We were experimenting with the latest changes for swift flatbuffers runtime and found several tweaks that allow to have significantly faster:

  1. Remove exclusivity checks by making Blob let
  2. Mark Blob as @frozen for library evolution mode
  3. Mark Blob as ~Copyable to avoid compiler inserted copies (swift 6.0+)
  4. Add BitwiseCopyable annotation for directly read types (swift 6.0+)
  5. Add exclusivity(unchecked) for FlatbuffersBuilder - assuming it is always exclusive anyway
  6. Fix func duplicate to not crash in debug with default value

Benchmarks give a lot of false negative/positive results in main vs main on my machine (i.e. deviation is >+-5%).
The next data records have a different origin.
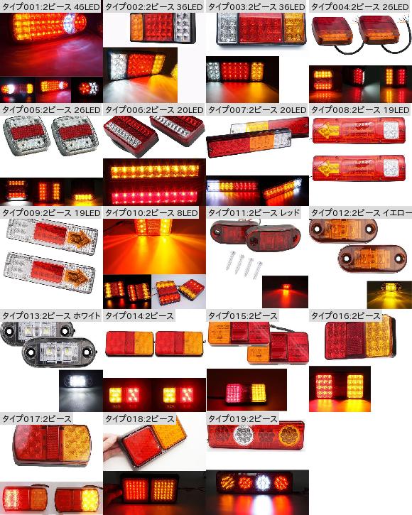 ・タイプ002:2ピース 36LED〜タイプ015:2ピース×タイプA:12V・タイプB:24V (こちらの販売ページです)
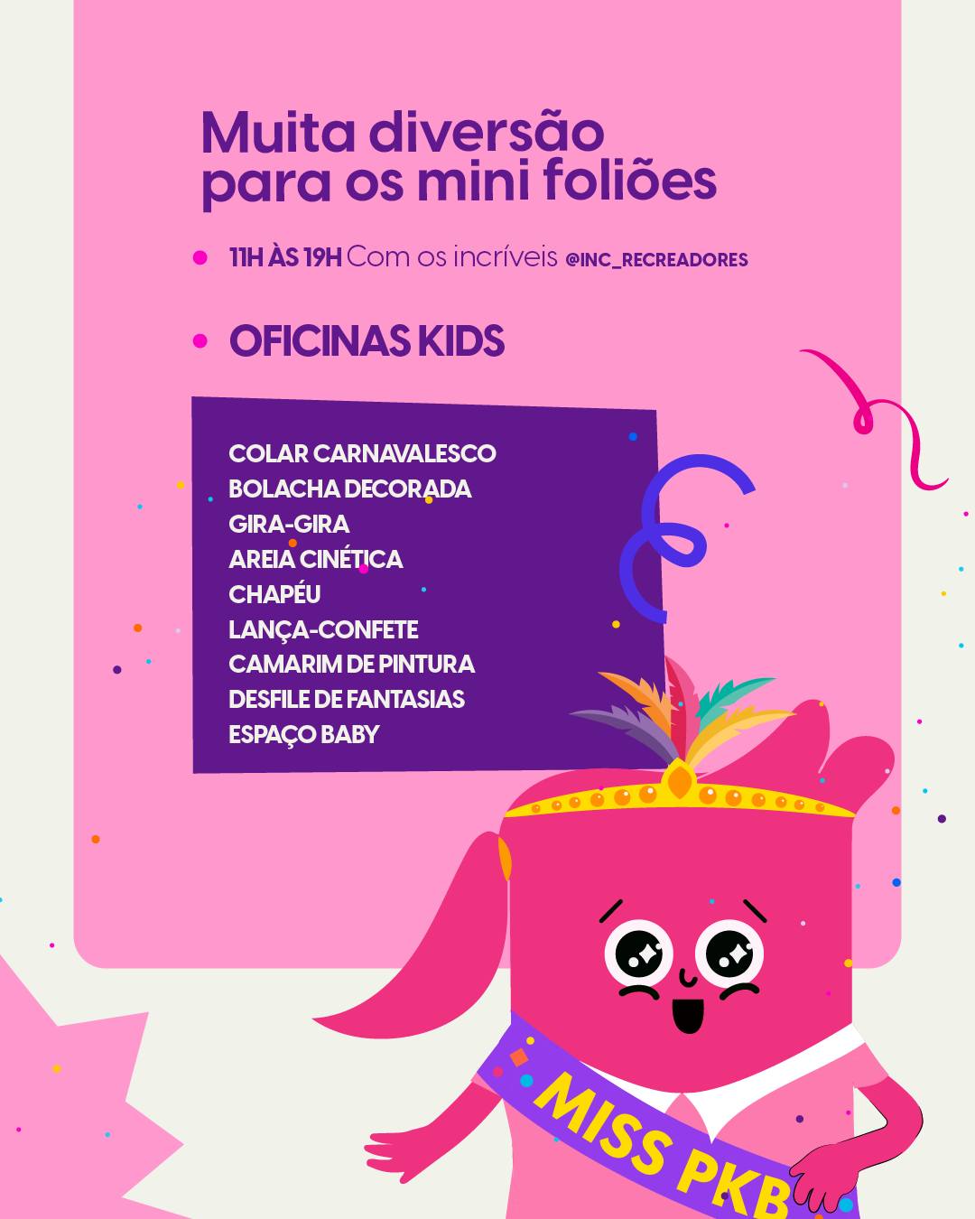 Durante o Carnaval o PkB terá outras atividades para deixar a folia ainda mais animada. Confira a seguir: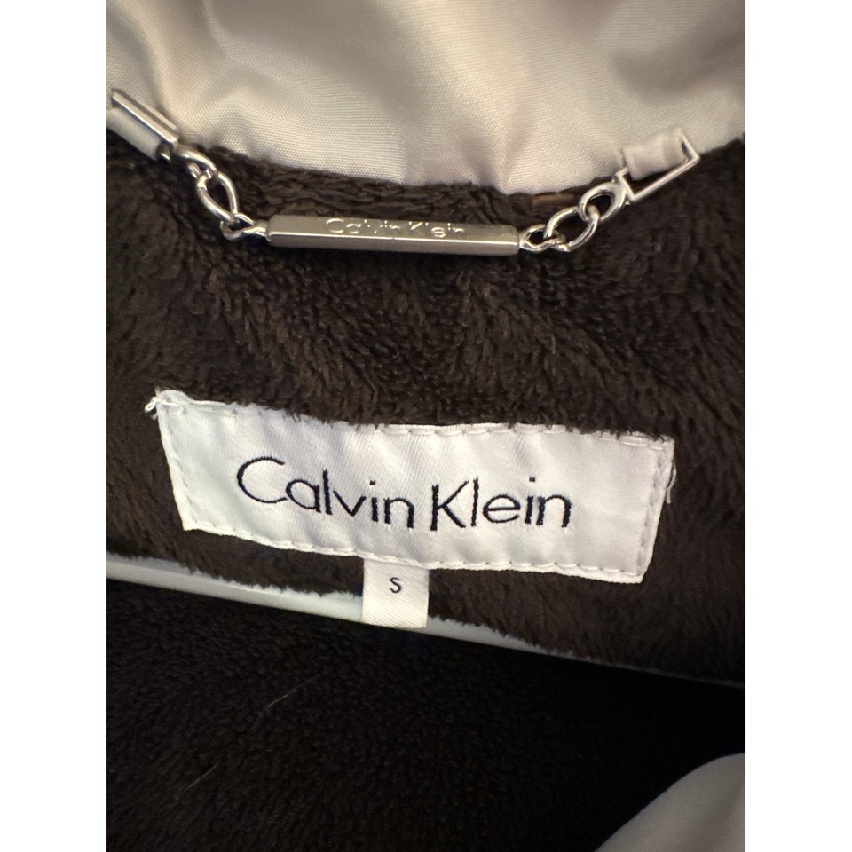 Warm and stylish Calvin Klein puffer jacket in size Small. Features a quilted shell (100% polyester) with a faux fur-trimmed hood for a cozy look. The interior includes a soft upper body lining and smooth lower body lining for comfort. Insulated with a premium 60% duck down / 40% waterfowl feather filling that provides excellent warmth without bulk.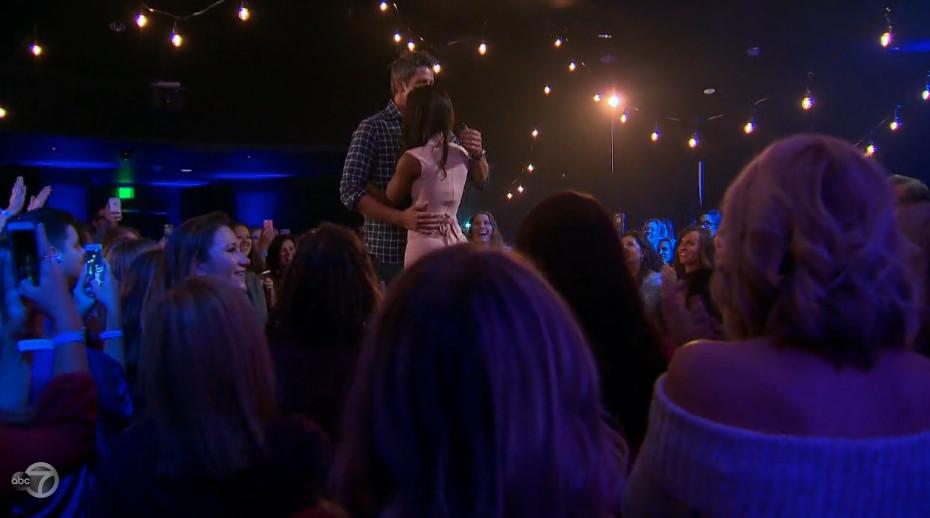 The Dance: At some of these performances, including this one, Bachelor producers build a raised platform in the middle of the concert crowd, and they make the couple dance on it. It’s extremely uncomfortable. Imagine not only being forced to dance on a first date, but being forced to dance on a pedestal so hundreds of strangers can stare at you. 2/10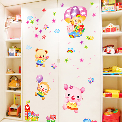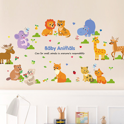Children's room Decoration Painted Kindergarten Classroom Wall Surface Arranged Wallpaper Self-Adhesive Sticker Cartoon Animal Wall Sticker

I guess mainly due to allocations.
However, there are the main improvements:

==============================================================
Threshold deviations for FlatbuffersBenchmarks:Reading Doubles
==============================================================
╒══════════════════════════════════════════╤═════════════════╤═════════════════╤═════════════════╤═════════════════╕
│ Time (wall clock) (ms, %)                │          tweaks │            main │    Difference % │     Threshold % │
╞══════════════════════════════════════════╪═════════════════╪═════════════════╪═════════════════╪═════════════════╡
│ p25                                      │               5 │              52 │            1051 │               5 │
├──────────────────────────────────────────┼─────────────────┼─────────────────┼─────────────────┼─────────────────┤
│ p50                                      │               5 │              52 │            1039 │               5 │
├──────────────────────────────────────────┼─────────────────┼─────────────────┼─────────────────┼─────────────────┤
│ p75                                      │               5 │              53 │            1036 │               5 │
╘══════════════════════════════════════════╧═════════════════╧═════════════════╧═════════════════╧═════════════════╛

╒══════════════════════════════════════════╤═════════════════╤═════════════════╤═════════════════╤═════════════════╕
│ Time (total CPU) (ms, %)                 │          tweaks │            main │    Difference % │     Threshold % │
╞══════════════════════════════════════════╪═════════════════╪═════════════════╪═════════════════╪═════════════════╡
│ p25                                      │               5 │              52 │            1050 │               5 │
├──────────────────────────────────────────┼─────────────────┼─────────────────┼─────────────────┼─────────────────┤
│ p50                                      │               5 │              53 │            1040 │               5 │
├──────────────────────────────────────────┼─────────────────┼─────────────────┼─────────────────┼─────────────────┤
│ p75                                      │               5 │              53 │            1036 │               5 │
╘══════════════════════════════════════════╧═════════════════╧═════════════════╧═════════════════╧═════════════════╛

╒══════════════════════════════════════════╤═════════════════╤═════════════════╤═════════════════╤═════════════════╕
│ Releases (K, %)                          │          tweaks │            main │    Difference % │     Threshold % │
╞══════════════════════════════════════════╪═════════════════╪═════════════════╪═════════════════╪═════════════════╡
│ p25                                      │               0 │            1000 │        50000000 │               5 │
├──────────────────────────────────────────┼─────────────────┼─────────────────┼─────────────────┼─────────────────┤
│ p50                                      │               0 │            1000 │        50000000 │               5 │
├──────────────────────────────────────────┼─────────────────┼─────────────────┼─────────────────┼─────────────────┤
│ p75                                      │               0 │            1000 │        50000000 │               5 │
╘══════════════════════════════════════════╧═════════════════╧═════════════════╧═════════════════╧═════════════════╛

For serialization I probably need to add one more test. However the difference is quite noticeable.

Was:
image

Became:
image

All improvements are manly due to removing swift runtime calls: exclusivity checks and runtime metadata access.
In practice, all improvements give up to 3x-6x gain on scale.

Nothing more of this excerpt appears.